#### Instructions to follow:
In the listing below, find the line with "First Tooth party" and copy every line from there up to and including the line with "Flavour profile: Milk", exactly and without pictures.

#### Records supplied:
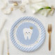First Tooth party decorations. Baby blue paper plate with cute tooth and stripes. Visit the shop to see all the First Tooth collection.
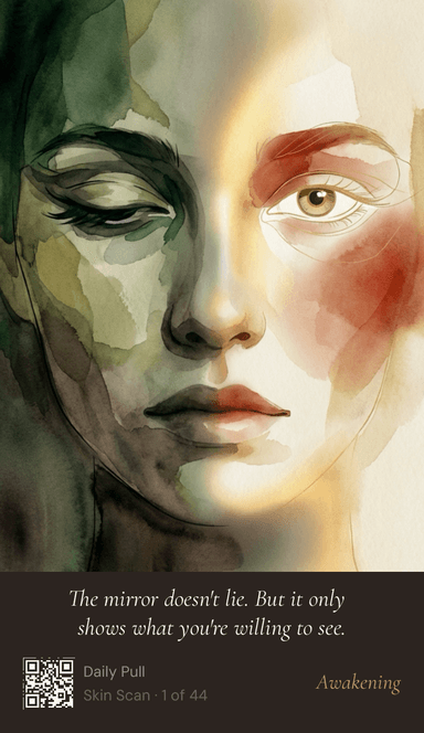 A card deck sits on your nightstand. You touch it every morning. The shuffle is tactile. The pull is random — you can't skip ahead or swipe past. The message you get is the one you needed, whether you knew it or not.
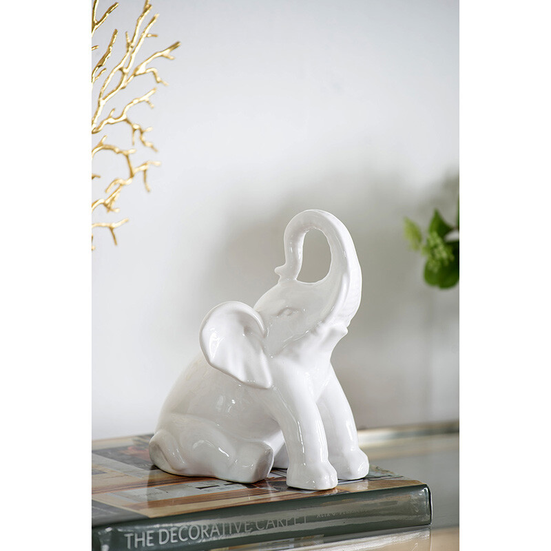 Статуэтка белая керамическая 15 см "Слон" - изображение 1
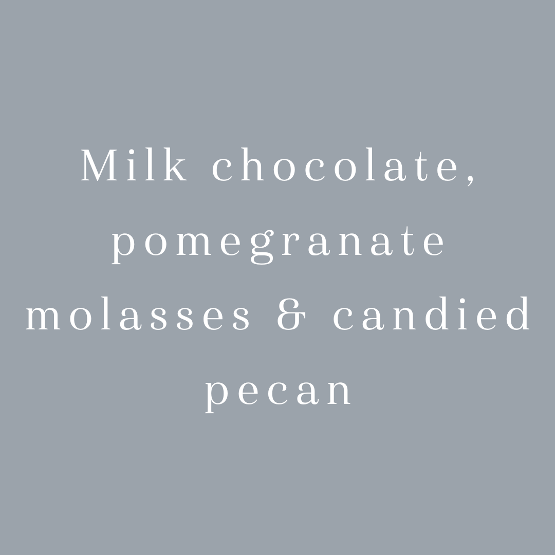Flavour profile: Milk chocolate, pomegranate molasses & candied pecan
---
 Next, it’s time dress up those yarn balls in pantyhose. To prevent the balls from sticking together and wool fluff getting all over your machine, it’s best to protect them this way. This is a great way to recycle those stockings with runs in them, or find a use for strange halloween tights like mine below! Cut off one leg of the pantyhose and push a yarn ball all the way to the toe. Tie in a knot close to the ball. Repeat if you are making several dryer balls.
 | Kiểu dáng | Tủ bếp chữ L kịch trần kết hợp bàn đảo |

#### Expected answer:
First Tooth party decorations. Baby blue paper plate with cute tooth and stripes. Visit the shop to see all the First Tooth collection.
 A card deck sits on your nightstand. You touch it every morning. The shuffle is tactile. The pull is random — you can't skip ahead or swipe past. The message you get is the one you needed, whether you knew it or not.
 Статуэтка белая керамическая 15 см "Слон" - изображение 1
Flavour profile: Milk chocolate, pomegranate molasses & candied pecan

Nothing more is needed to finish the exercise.